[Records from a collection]
● ● ● ● ●
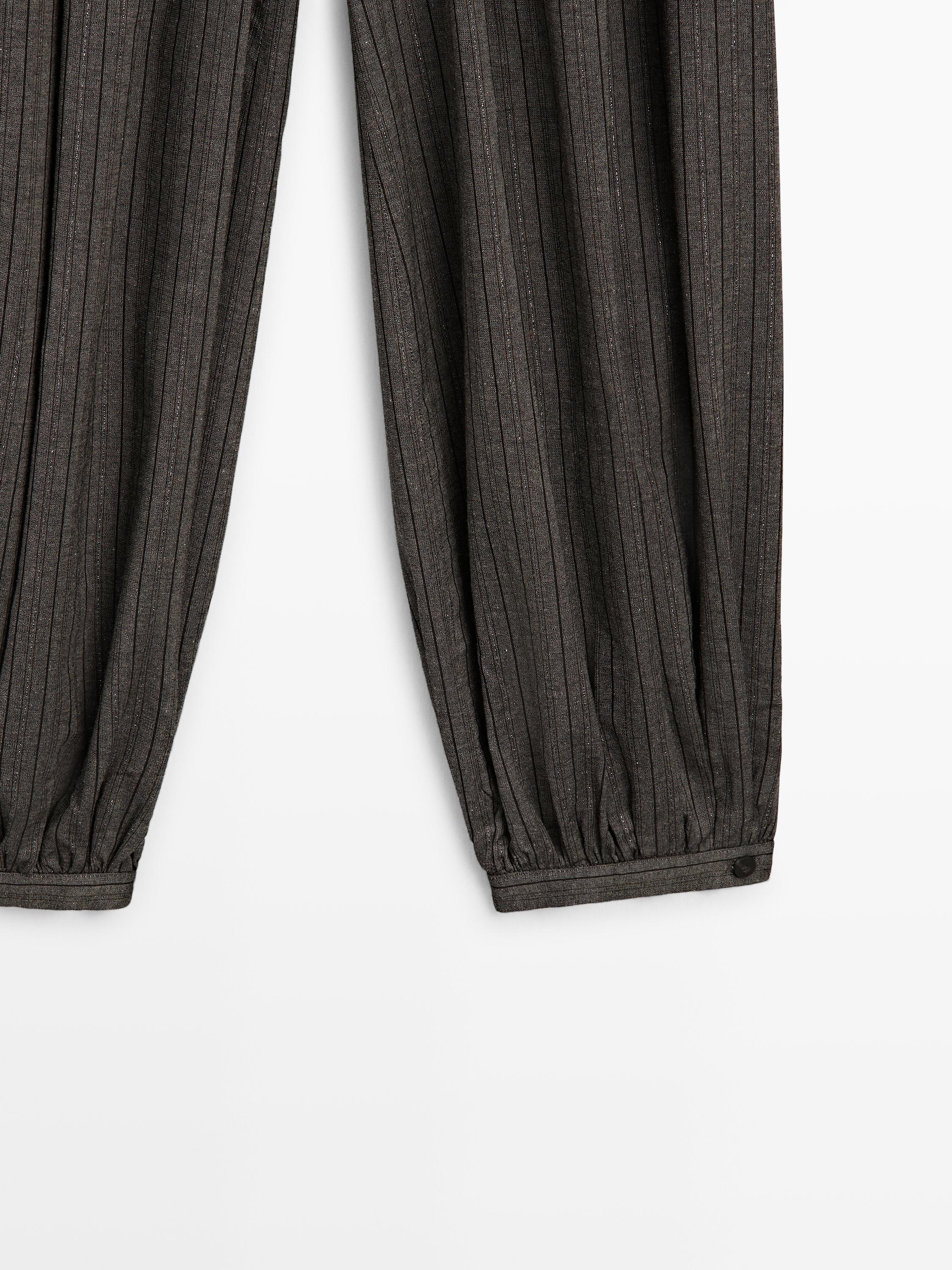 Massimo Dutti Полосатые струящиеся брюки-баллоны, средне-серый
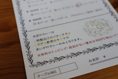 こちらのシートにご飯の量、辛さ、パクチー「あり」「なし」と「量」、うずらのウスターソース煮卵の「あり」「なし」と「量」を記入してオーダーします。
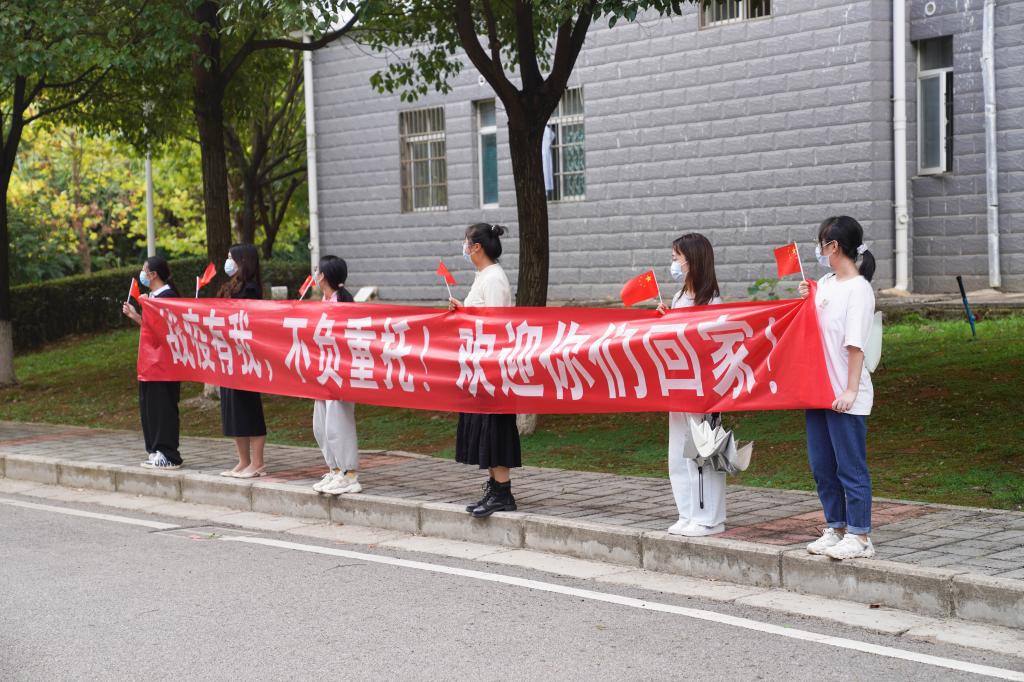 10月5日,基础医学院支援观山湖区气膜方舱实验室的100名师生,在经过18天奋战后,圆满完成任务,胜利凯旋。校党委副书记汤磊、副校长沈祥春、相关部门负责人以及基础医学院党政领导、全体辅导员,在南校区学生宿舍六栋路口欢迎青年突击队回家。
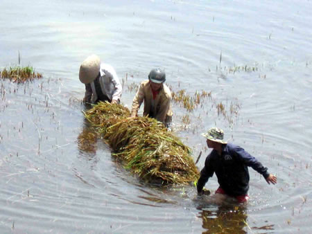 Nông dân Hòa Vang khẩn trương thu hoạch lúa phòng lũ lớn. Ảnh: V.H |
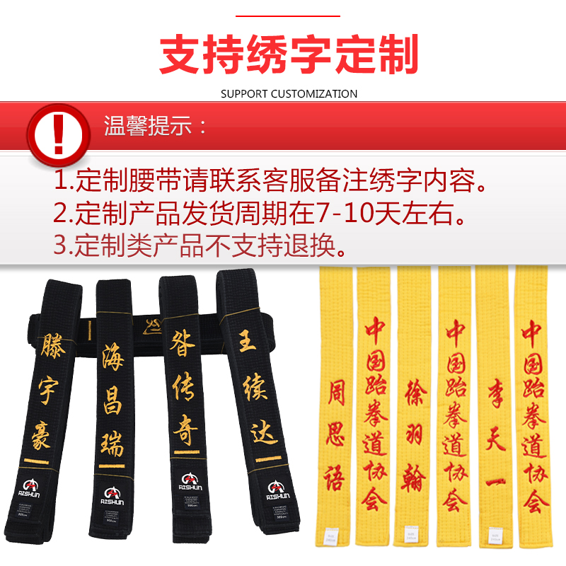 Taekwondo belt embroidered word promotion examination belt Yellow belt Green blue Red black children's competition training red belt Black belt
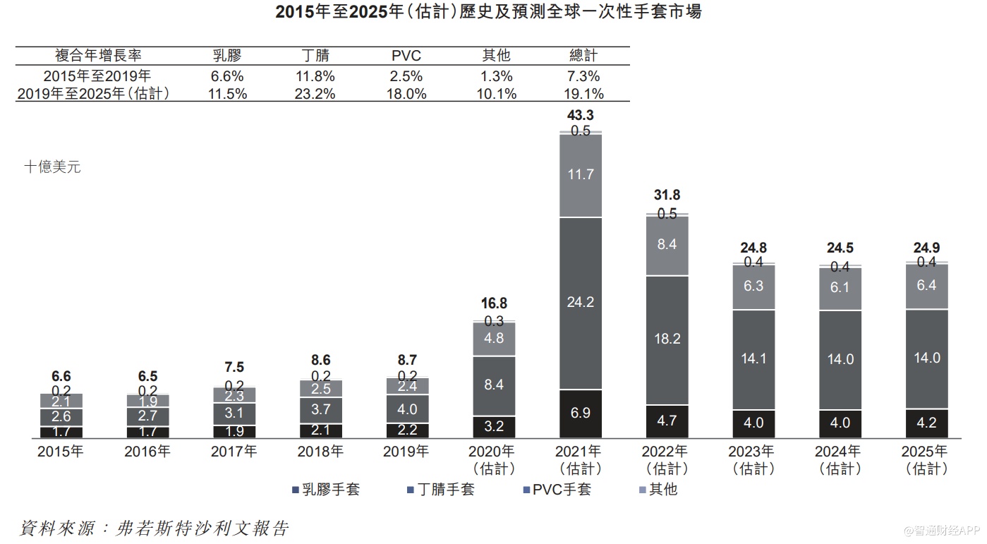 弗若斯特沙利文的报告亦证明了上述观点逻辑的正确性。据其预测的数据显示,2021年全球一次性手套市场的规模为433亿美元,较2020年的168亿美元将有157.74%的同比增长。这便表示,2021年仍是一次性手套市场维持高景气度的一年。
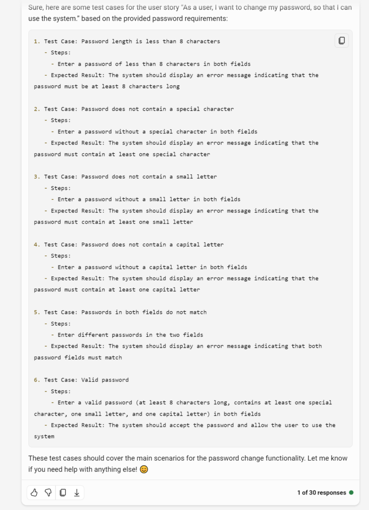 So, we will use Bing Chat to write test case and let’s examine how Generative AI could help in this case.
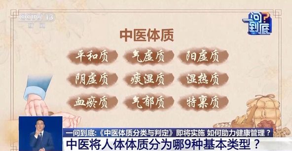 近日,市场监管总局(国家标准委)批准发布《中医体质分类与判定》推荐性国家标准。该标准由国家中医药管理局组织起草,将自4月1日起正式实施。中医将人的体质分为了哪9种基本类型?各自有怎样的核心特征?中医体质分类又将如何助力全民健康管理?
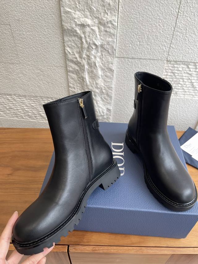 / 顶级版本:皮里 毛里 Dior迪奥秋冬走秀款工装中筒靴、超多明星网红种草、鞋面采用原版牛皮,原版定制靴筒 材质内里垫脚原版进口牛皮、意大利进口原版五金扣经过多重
● ● ● ● ●
- **Directions**
Give back the exact lines above, running from the one that has "こちらのシートにご飯の量、辛" through the one that has "Taekwondo belt embroidered", with nothing added and no pictures.

- **Expected answer**
 こちらのシートにご飯の量、辛さ、パクチー「あり」「なし」と「量」、うずらのウスターソース煮卵の「あり」「なし」と「量」を記入してオーダーします。
 10月5日,基础医学院支援观山湖区气膜方舱实验室的100名师生,在经过18天奋战后,圆满完成任务,胜利凯旋。校党委副书记汤磊、副校长沈祥春、相关部门负责人以及基础医学院党政领导、全体辅导员,在南校区学生宿舍六栋路口欢迎青年突击队回家。
 Nông dân Hòa Vang khẩn trương thu hoạch lúa phòng lũ lớn. Ảnh: V.H |
 Taekwondo belt embroidered word promotion examination belt Yellow belt Green blue Red black children's competition training red belt Black belt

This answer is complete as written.